No, I really think that things were wrong. I really think we have a lot — maybe these middle-class Americans don’t realize what these kids are trying to do. They are trying to show us where we’re wrong. We should be showing them and instead they are showing us, even with their lives.
I certainly don’t want to see my son in prison for what he’s done. But I’m proud of what he’s done. He’s done what we brought him up to do. I know he loves his country. We brought him up to stand on his own two feet, to have the courage of his convictions; and I think he’s done just that. And I think we have a beautiful country, but I think our priorities are wrong, very wrong.
Just read something over the weekend — if the acting head of the FBI can burn files, why can’t my son burn them? And he is burning them for a much better reason. A much better reason. I would say of the two, my son was the patriot. Much more so than the acting head of the FBI.
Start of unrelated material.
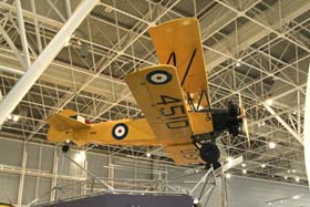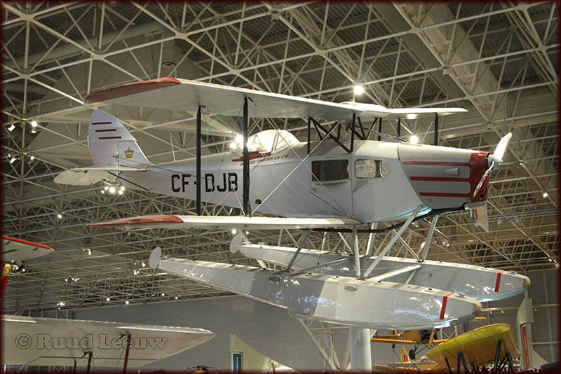 de Havilland D.H.83C Fox Moth, CF-DJB (c/n FM-28/2) ![]() The Fox Moth was designed in England in 1932 as a light, economic transport, and was built using as many Tiger Moth components as possible. Fox Moths were produced in Canada after the Second World War mainly to keep the plant in production, but also to satisfy the increasing need for new bush aircraft. All the Canadian modifications made to the Tiger Moth were also applied to the Fox Moth. Of the 53 produced, 39 remained in Canada, most of which were operated in float/ski configuration, and gave years of satisfactory service. The Fox Moth, though efficient, was a bit of an anachronism. For example, a modern, moulded- plexiglas sliding cockpit-hood was attached to what was essentially a 1932 aircraft. Communication between the passenger cabin in the fuselage and the cockpit to the rear was through a hole in the instrument panel. De Havilland designed a special stretcher for the Fox Moth, in order that it could operate as an air ambulance. The Museum aircraft was built in 1947. It was owned by a number of operators, then purchased, restored, and flown for Maxwell W. Ward (Wardair) in the 1980s. This Fox Moth was presented to the Museum in 1989. |

We ought to be ashamed of ourselves. I know that I am. I am ashamed of the day I took my son to that airplane and put him on. I’m ashamed of any pride that I had when the Taps were played, and I did have pride. And I’m proud of my son because he didn’t know. We should have known, but we didn’t know. A kid that never had a gun in his life, because we, like the Reillys never had a gun in our home. When I say we were taught non-violence, our children were taught non-violence, that’s exactly what I mean. And to take that lovely, lovely boy and to tell him, “You are fighting for your country.” How stupid can we get? He was fighting for his country. Can anybody stand here and tell me how he was fighting for his country?
If Mr. Zinn’s testimony was his own, or was the radical’s idea, so-called, then I would say, you know, there is still room for doubt. But when it came from the Pentagon Papers, when it came from that little circle up above who knows what’s going on in this country, then I say it’s time for us to turn around and God help us. God give us the time before it’s too late.
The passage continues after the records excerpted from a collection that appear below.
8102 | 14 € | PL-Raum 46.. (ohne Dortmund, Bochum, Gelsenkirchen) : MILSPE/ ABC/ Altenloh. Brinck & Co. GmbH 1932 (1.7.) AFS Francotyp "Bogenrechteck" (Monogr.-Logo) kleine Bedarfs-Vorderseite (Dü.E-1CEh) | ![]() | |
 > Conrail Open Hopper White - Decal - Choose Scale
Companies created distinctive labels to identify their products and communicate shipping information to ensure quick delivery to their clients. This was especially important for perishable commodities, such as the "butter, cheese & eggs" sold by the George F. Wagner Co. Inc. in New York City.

Who gives us the power to go over to a little country, over there, that small, and bomb the hell out of it? Who give us the authority to do this? This is what we sat back for so many years, war after war, promise after promise, that it would never happen again.
I don’t think there was any mother within 500 miles of our home that was more anti-Communist than I was. I was hung up on it. Every time the boys tried to talk, I brought in Communism. And this is the way all of us are. I feel this is the way most of us middle-class Americans are. We really are hung up on Communism; in fact, so much that we don’t know what we’re doing. We don’t even know what our own government is doing. We read the newspaper and whatever it tells us, we believe. Even though when Paul died, so many people tell us we have no business being over there. I can’t understand — I can’t — what we’re doing over there. We should get out of this. But not one of us, not a one of us raised our hands to do anything about it. We left it up to these people, for them to do it. And now we are prosecuting them for it. God! That’s all I could say. I can’t say anymore. And Bobby said to keep it short. He knows me, I guess.
I come from an Irish-Catholic background. I have heard my mother speak many times of the Irish patriots who were put in prison too, for disobeying the laws that they’re still fighting over and they’ve been fighting for 700 years, and it looks — maybe they might win, giving them one more time.
I want to thank everybody for allowing me to speak.
Q. Is there anything else you’d like to say? Or just thanks very much?
A. Well, there’s one thing I had in mind to say: that when you were arrested, you sent me the most beautiful letter. And if I thought I was going to be up here, I would have brought it. But he spelled it out for us, why he was doing this, how he felt it was something he had to do, and indeed put the blame back on us because of the way we brought him up, that he was doing this for the country, not against the country. And it was really a letter that I’ll treasure and keep until I die.
MR. GOOD: Thank you very much. I have no more questions, Mom.